During July we moseyed SE down Vancouver Island’s West Coast from sound to sound. There are fine, sheltered anchorages in most places – many with great shoreline exploring opportunities. From north to south: Quatsino Sound, Checleset Bay, Kyuquot Sound (pronounced “ky-OO-kit”), Esperanza Inlet, Nootka Sound. In Esperanza Inlet we began seeing the first signs of “real” civilization – onshore vacation cabins with more square footage than our former house in Seattle, and a few other boats joining us in the anchorages we chose. It was also our first encounter with morning fog, but at least there was enough visibility to travel – albeit with radar engaged – and what fog there was dissipated quickly.
Esperanza Inlet is a calm-water route that takes a boat into Nootka Sound around the back side of big ol’ Nootka Island, the better to avoid those pesky ocean swells that really pile up at the entrances to sounds and bays. In mid-July, the sport fishing was awesome there – or so we heard; we were either en route or got skunked. We chose to nose the Fox down Esperanza Inlet and up into Tahsis Inlet, to the first marina and provisioning opportunity we took since leaving Port Hardy two weeks earlier.*
Historically, Tahsis (pronounced with a short “a” as in “cat”) was the winter home to chief Maquinna and that subsection of the Nootka tribe who resided at Friendly Cove at the entrance to Nootka Sound. (Captain Cook stopped at Friendly Cove and nearby areas to regroup and explore; and Friendly Cove is where a commercial agreement – mediated by Maquinna – was reached that divided the Northwest resource extraction opportunities between Britain and Spain**). In white folks’ time, Tahsis, at the head of a very long fjord/inlet, was home to a sawmill until 1996, when all the trees worth milling had been cut down. The sawmill was essentially Tahsis’s only employer. And when it closed? It took everything with it – including the sawmill building itself – nothing left now but the foundation at the water’s edge and an overgrown employees’ parking lot. Yep; BC resource extraction at its finest. Breaks your heart to look at it.
But Tahsis is still there. Westview Marina in Tahsis is one of the best-run marinas in all of BC – and that’s saying a lot. It is truly a full-service marina in a part of BC that uses the term rather loosely. While there, we drove the marina’s courtesy van to the only market in town (which was almost identical in size and inventory to the markets we saw on Easter Island in the South Pacific) and from there took a look around at the neighborhood. It was sad to see about half of the homes wearing “for sale” signs, but what sets Tahsis apart from so many other company towns after the company has abandoned them, is that the people of Tahsis have not given up. I tell you what, there is no litter on any of the streets; almost every yard – including the ones around the vacant houses – is well tended; and nobody just hangs around on street corners. Everyone, it seems, is keeping busy with something. At least to my turista’s eye, the folks in Tahsis seem to be working together as a real community to try and figure out what to do next. That is a rare sight, and worth going to Tahsis to see for yourself. This is a great little town and it would be a shame to see it die. Right now they seem to be getting by on sport fishing, but some years the fish go AWOL so Tahsis needs something else, and quick. Maybe they can become the Silicon Valley of BC – heck; they have an employee parking lot already built, all they need is a building, and cybergeeks live in buildings 24/7/365 and don’t care what the weather is outside so it wouldn’t matter to them that it rains buckets in Tahsis most of the year. Alternatively, it would be a great place for the film industry to have as headquarters. Come on, people, we gotta make this work – don’t let the folks of Tahsis go to waste. They’re nice.

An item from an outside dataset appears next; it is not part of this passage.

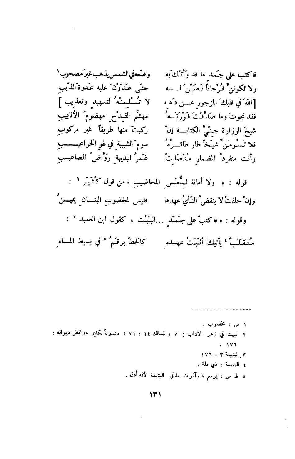 وأنت منفرد المضمار منصلت ... غمر البديهة رواض المصاعيب قوله: " ولا أمانة للعس المخاضيب " من قول كثير:

* We do not stay at marinas often – only about twice a month for a couple of days each time – but after 2 or 3 weeks on the water, the laundry especially starts to pile up and gives the boat a certain skeevy funkiness. I prefer TELLING people I live on a boat, rather than them SMELLING that I live on a boat.
** Why yes, I AM badly paraphrasing the actual fascinating history of this area. Google it for yourself or read the Douglass guide to “West Coast Vancouver Island” for further details and leave me alone. But Big Coolness Factor here: we’ve seen the same places Cook himself explored in the late 1700s with his then-minions William Bligh and George Vancouver, man. Awesome. Except they saw more critters.